It is widely reported that just about a quarter of Windows 10 users actually use Microsoft’s new browser; Edge and this comes as other browsers have stepped up campaign to increase the use of their browsers on Windows. Yielding to users who complain about adverts, Opera announced an ad-blocking feature in order to make web pages load faster. At least that’s the reason they gave for doing that.
To increase usage for its new browser, Microsoft released a set of results of tests it carried out which actually shows that Edge is better than other browsers including Chrome and Firefox. This test was carried out by the Microsoft team and in their own controlled environment.
Let’s get to the test results;
You can now browse longer with Microsoft Bing than any of the other major browser. This means Edge is more power efficient than Chrome, Firefox and Opera. They achieved this by connecting a Surface Book to specialized power monitoring equipment and measured the actual power usage during typical browsing activities in Microsoft Edge, Chrome, Firefox, and Opera.

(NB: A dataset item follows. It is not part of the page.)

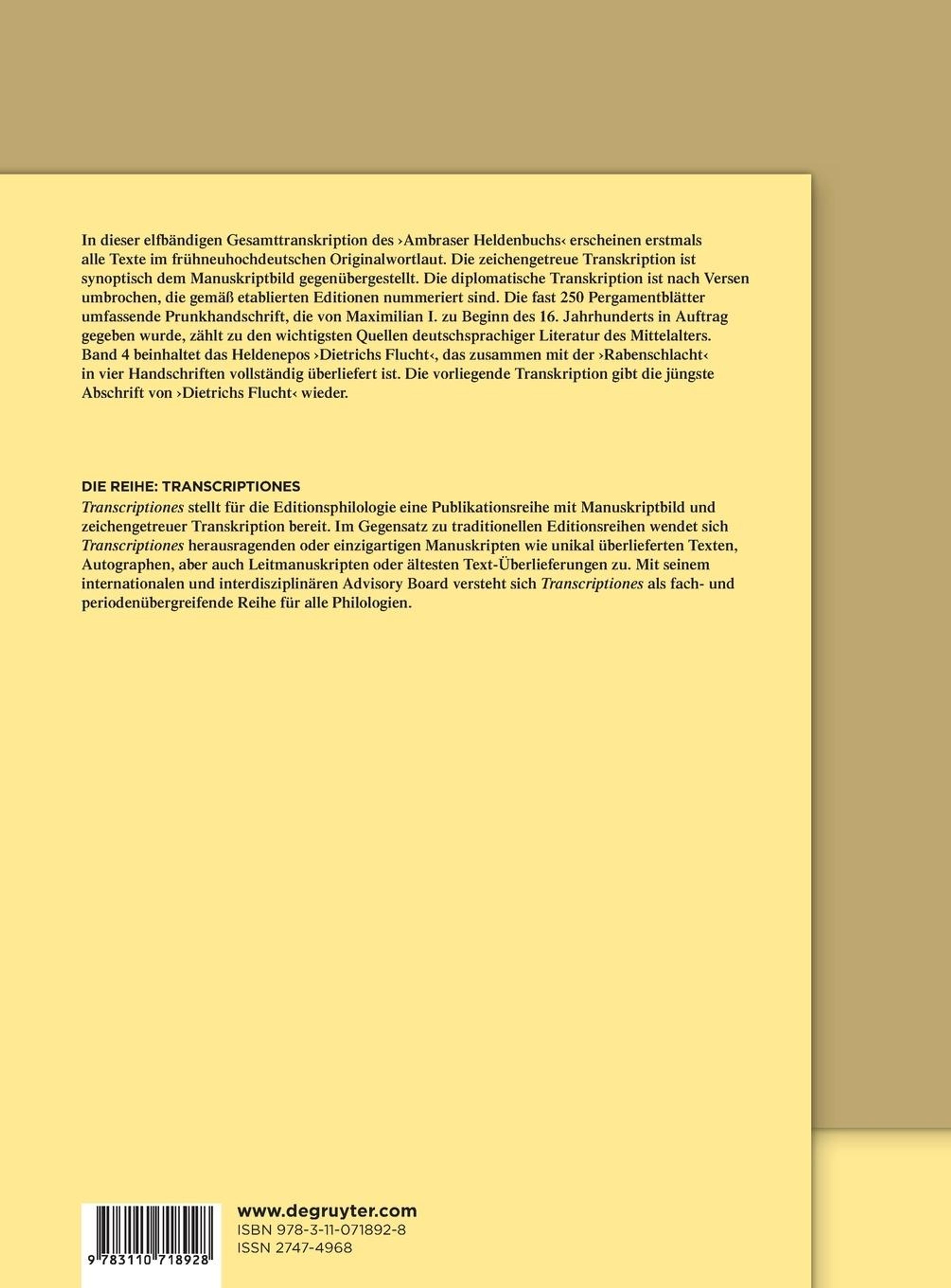 In this eleven-volume complete transcription of the 'Ambraser Heldenbuch,' all texts appear in the original Early High German for the first time. A transcription that is faithful to individual characters used by the scribe is synoptically juxtaposed with the manuscript image. A second, diplomatic transcription is arranged by verses and numbered according to established editions. The lavishly illustrated manuscript of almost 250 parchment folios, commissioned by Emperor Maximilian I at the beginning of the sixteenth century, is one of the most important sources of German narrative literature of the Middle Ages. Volume 4 contains the heroic epic 'Dietrichs Flucht,' which, together with the 'Rabenschlacht,' has survived as a complete text in three other manuscripts outside the 'Ambraser Heldenbuch.' The present transcription reproduces the youngest extant copy of 'Dietrichs Flucht.'

The next step was to automate each browser to perform the same series of activities: opening websites, scrolling through articles, and watching videos, opening new tabs for each task. We used the same websites you spend your time on – Facebook, Google, YouTube, Amazon, Wikipedia and more.

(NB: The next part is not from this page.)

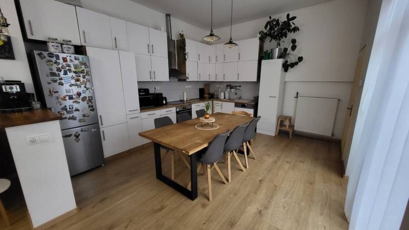 Debrecen kedvelt belvárosi részén eladó egy kitűnő állapotú és elrendezésű, 90 m²-es, napfényes házrész önálló terasz kapcsolattal. -beton alapon 50 cm-es tégla falazat +10 cm-es hőszigetelés,-új tetőszerkezet betoncserép héjazattal-felújított elektromos hálózat-műanyag nyílászárók, redőny, klíma-fűtése: kondenzációs kazánnal-90 m² alapterület + 11 m² terasz-76 m² saját pince (több helyiség kialakítással, sportolásra, borospincének, stb)-160 m² elkerített, saját parkosított kert öntözőrendszerrel, 240x90-es süllyesztett medencével-20 m²-es faszerkezetes garázs-filagória sütőhellyelTökéletes infrastruktúra, belvárosi lokáció, minden a közelben. Csendes környék, kellemes otthon.

The result is what you see in the graph below;
Edge performed better than Firefox and Chrome up to 70 percent with respect to battery life each time you stream videos and with when you access sites like Facebook, you might be saving between 30 to 35 percent of power. This announcement comes as Microsoft is about a month away from celebrating the one year anniversary of the Windows 10 release.
It’s one thing though to save battery life which also undoubtedly has impact on your overall productivity but speed is just as important. My personal experience using Edge is that it doesn’t load pages as fast as Chrome and Firefox. There are even reports of some sites not loading correctly on Edge. There’s also the issue of memory consumption as well. I also noticed that it’s quite slower to copy and paste content from Edge to say word when compared to Chrome and Firefox.
Opera introduced its advert blocking feature for the sake of speed; a measure that has been met with stiff resistance from big names like the New York Times which is rolling out its own feature to not probably load its content on such browsers. The New York Times is not alone in that as many other sites have pledged to do the same.
In its own test result which can be seen above, web pages will load 90 percent faster than Internet Explorer and 45 percent faster than Chrome.